TASK PROMPT> Set the images aside and retype the whole listing exactly.

DATASET EXCERPT>
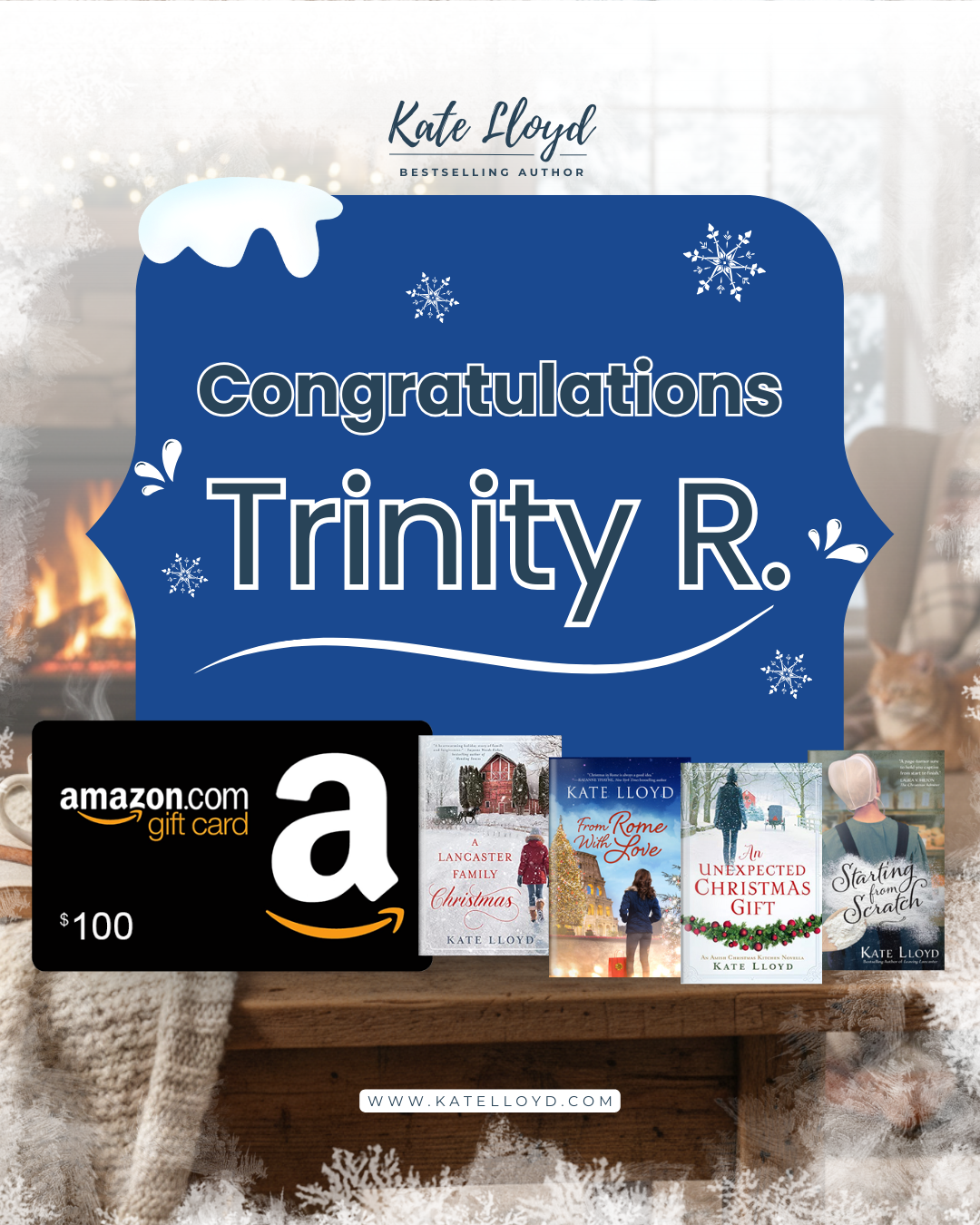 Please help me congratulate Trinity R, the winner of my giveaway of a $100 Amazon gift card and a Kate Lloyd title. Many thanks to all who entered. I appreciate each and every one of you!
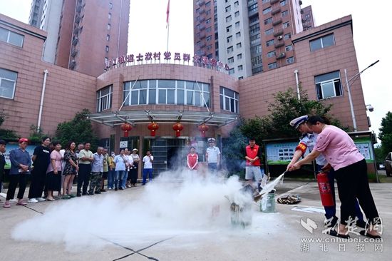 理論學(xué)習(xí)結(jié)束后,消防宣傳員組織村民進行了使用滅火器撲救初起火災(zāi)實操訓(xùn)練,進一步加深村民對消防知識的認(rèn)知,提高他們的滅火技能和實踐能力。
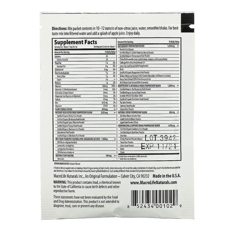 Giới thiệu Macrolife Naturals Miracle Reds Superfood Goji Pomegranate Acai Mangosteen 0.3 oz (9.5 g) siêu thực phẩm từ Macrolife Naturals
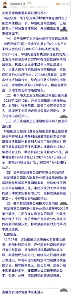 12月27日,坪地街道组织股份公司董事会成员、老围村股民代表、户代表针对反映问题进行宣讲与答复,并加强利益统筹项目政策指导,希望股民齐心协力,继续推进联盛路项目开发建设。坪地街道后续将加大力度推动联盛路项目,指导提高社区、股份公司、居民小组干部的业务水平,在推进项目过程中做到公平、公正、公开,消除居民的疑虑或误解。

ANSWER BOX>
 Please help me congratulate Trinity R, the winner of my giveaway of a $100 Amazon gift card and a Kate Lloyd title. Many thanks to all who entered. I appreciate each and every one of you!
 理論學(xué)習(xí)結(jié)束后,消防宣傳員組織村民進行了使用滅火器撲救初起火災(zāi)實操訓(xùn)練,進一步加深村民對消防知識的認(rèn)知,提高他們的滅火技能和實踐能力。
 Giới thiệu Macrolife Naturals Miracle Reds Superfood Goji Pomegranate Acai Mangosteen 0.3 oz (9.5 g) siêu thực phẩm từ Macrolife Naturals
 12月27日,坪地街道组织股份公司董事会成员、老围村股民代表、户代表针对反映问题进行宣讲与答复,并加强利益统筹项目政策指导,希望股民齐心协力,继续推进联盛路项目开发建设。坪地街道后续将加大力度推动联盛路项目,指导提高社区、股份公司、居民小组干部的业务水平,在推进项目过程中做到公平、公正、公开,消除居民的疑虑或误解。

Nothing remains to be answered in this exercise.